The co-founder of the Dominican Missionaries
of the Rosary Mother Ascención Nicol (1868-1940) will
be beatified in St Peter’s Basilica in Rome on Saturday
May 14. For the occasion Fides spoke with present Superior
general of the congregation Mother Maria Auxiliadora Hernández
Martínez. Today the congregation has 785 missionaries
working in 21 nations all over the world.
Who are the Dominican Sisters of the Rosary?
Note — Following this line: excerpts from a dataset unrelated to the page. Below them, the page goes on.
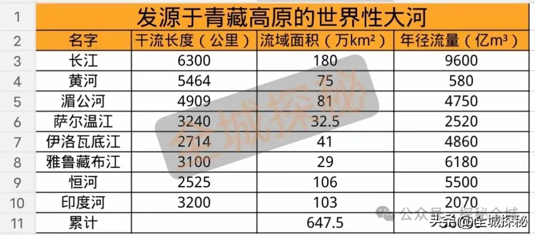 整体上,以青藏高原为源头的这8条世界性大河,流域面积加起来达到647.5万平方公里,年径流量加起来达到36060亿立方米。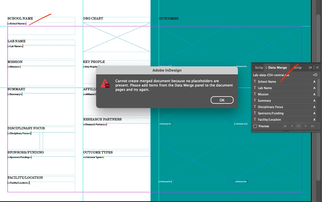 I am getting this error. But doesn't the data merge panel and screenshot of the parent indicate that there ARE placeholders ?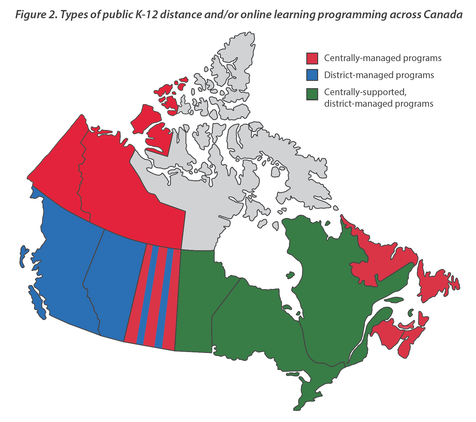 Consistent with the regulatory environments across Canada, there have been no operational changes to the nature of K-12 distance/online learning activity across Canada (see Figure 2).
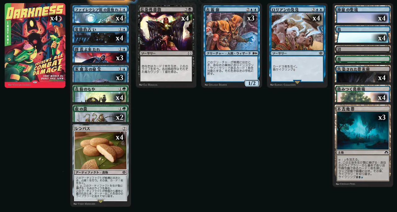同じく通常のパウパーだと禁止されている《命取りの論争》も使えるため、《物読み》と合わせて強烈なドローエンジンを形成しています。息切れしにくく、安定性も高いです。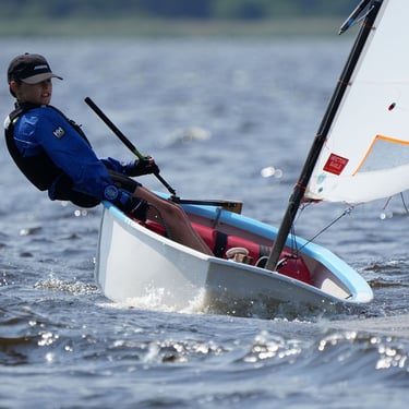Jestem zawodnikiem UKS "Szkwał". Ścigam się w klasie Optymist A.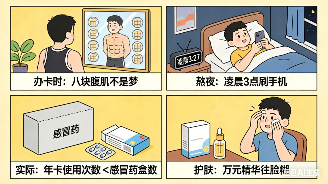 💰 挤牙膏般抠给【健康续航塔】——办年卡时幻想八块腹肌,实际使用次数不如感冒药;熬最深的夜,买最贵的精华,在“修仙”和“修脸”之间仰卧起坐。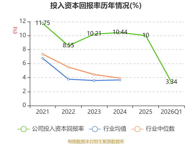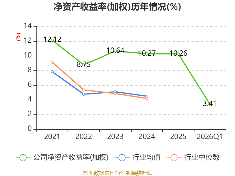 盈利能力方面, 2026年一季度公司加权平均净资产收益率为3.41%,同比上升0.38个百分点。公司2026年第一季度投入资本回报率为3.34%,较上年同期上升0.39个百分点。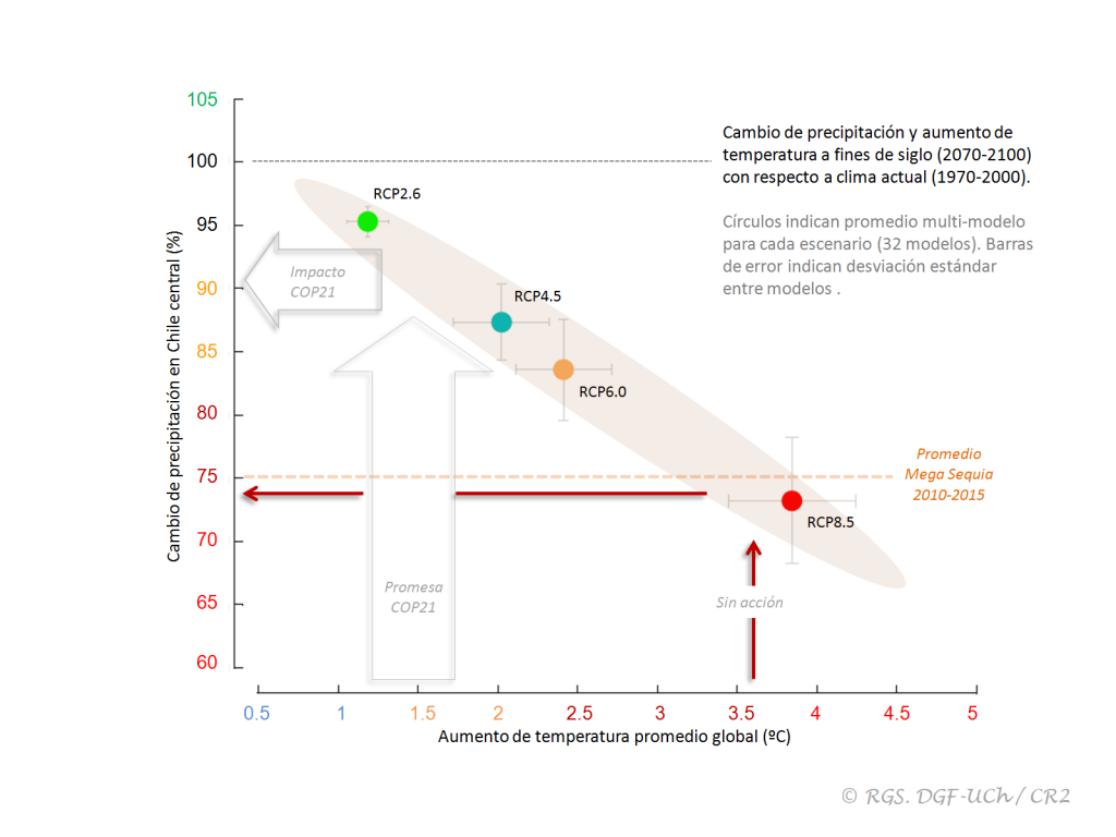 Como el escenario de emisiones de GEI determina también el aumento global de temperatura hacia fines de siglo, es posible establecer una relación empírica entre la intensidad del calentamiento global y el déficit de precipitación en Chile central, la cual resulta notablemente lineal (área sombreada en la Figura 2) y permite estimar el impacto regional de la COP21.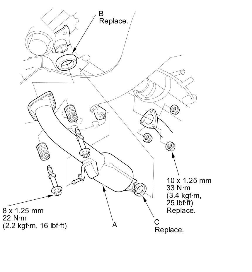 5. Install the three-way catalytic converter (A) with the new self-locking nuts and new gaskets (B) (C).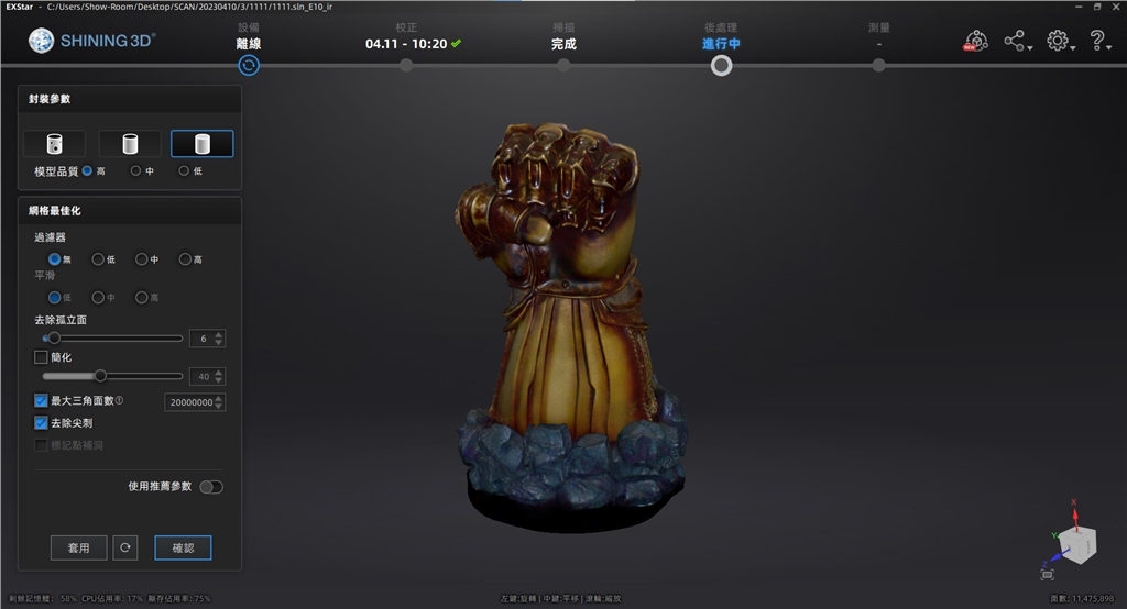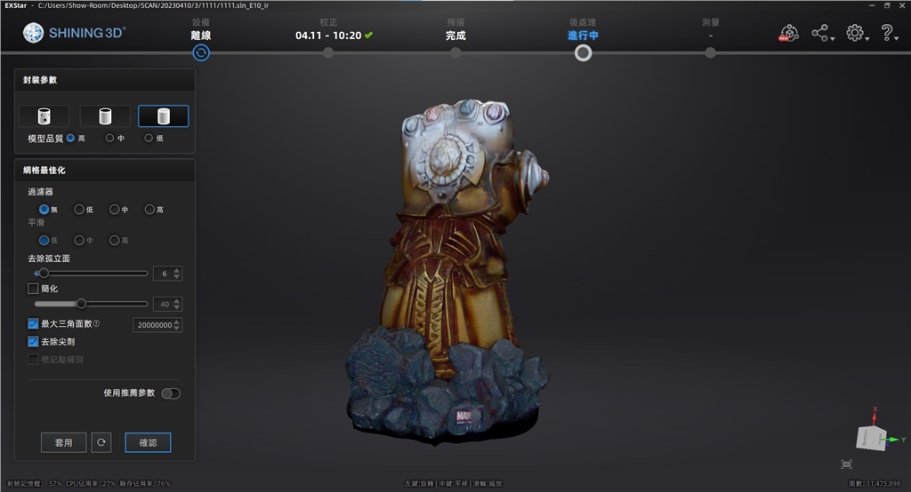 完成3D掃描的薩諾斯手套,可以看到複雜紋理的細(xì)節(jié),從顏色上的多變、手指關(guān)節(jié)處、底座巖石紋理都高精度的完整成像,彈指的震撼完美還原!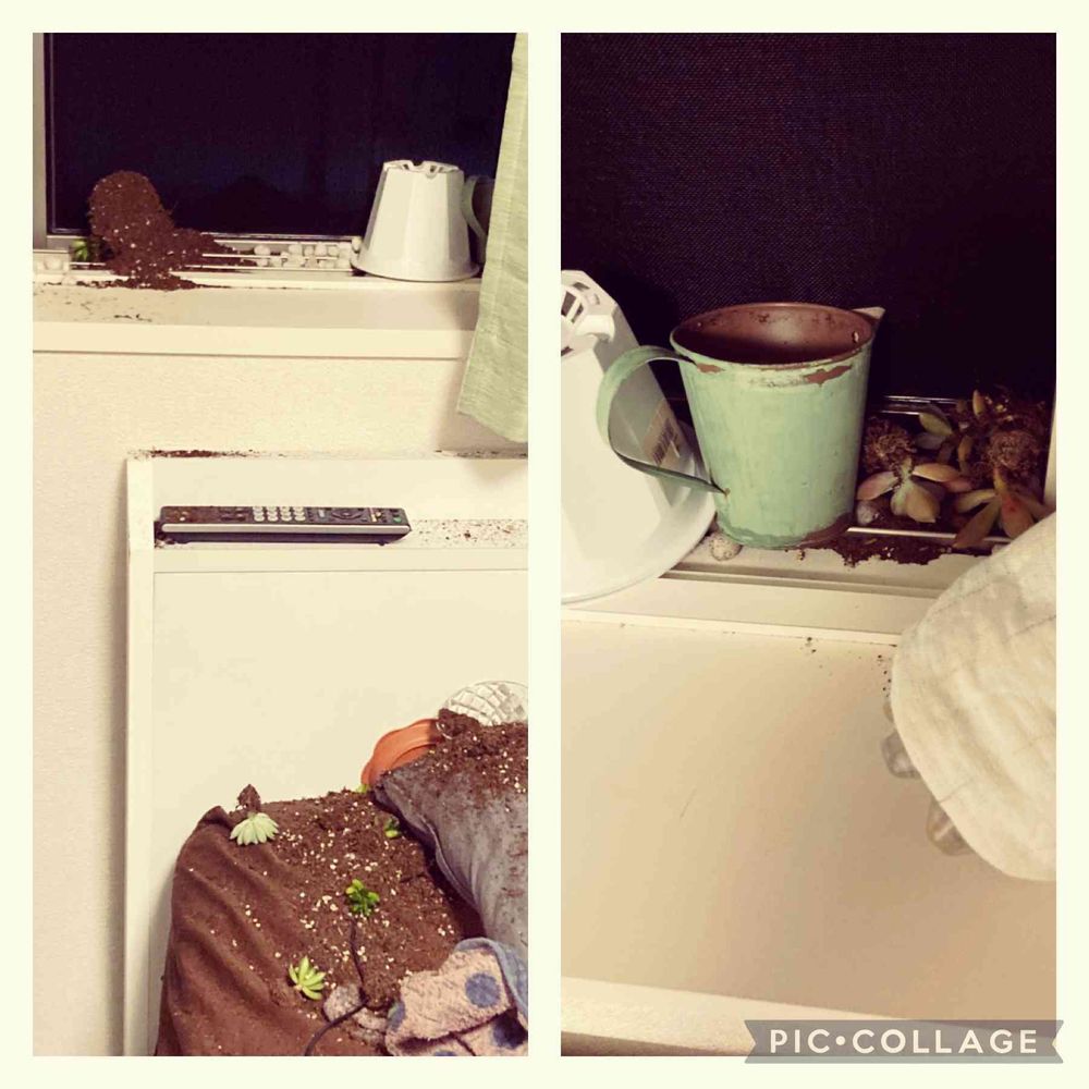 窓辺,多肉植物,台風の後の投稿画像

Following in the footsteps of our founder Mother Ascención
Nicol we strive to be women who respond to God’s call
with total trust and confidence in Him. Women able to contemplate
God in history and therefore open to welcome is manifestations
every day. Women of profound community spirituality, simple,
humble, able to create fraternity and make love of neighbour
the centre of their life. Women with a strong missionary spirit
able to welcome and respect different cultures of the sisters
and nations with which we share life and mission. Women who
love life in all its forms and spread joy, enthusiasm and
hope. Women who share the suffering of others and are moved
to show solidarity with a mother’s heart. Women who
opt for the poor and the excluded and are committed to proclaiming
to them the Good News of the Kingdom working with them and
for them to achieve a more worthy life. Women critical and
coherent with an attitude of continual sincere conversion.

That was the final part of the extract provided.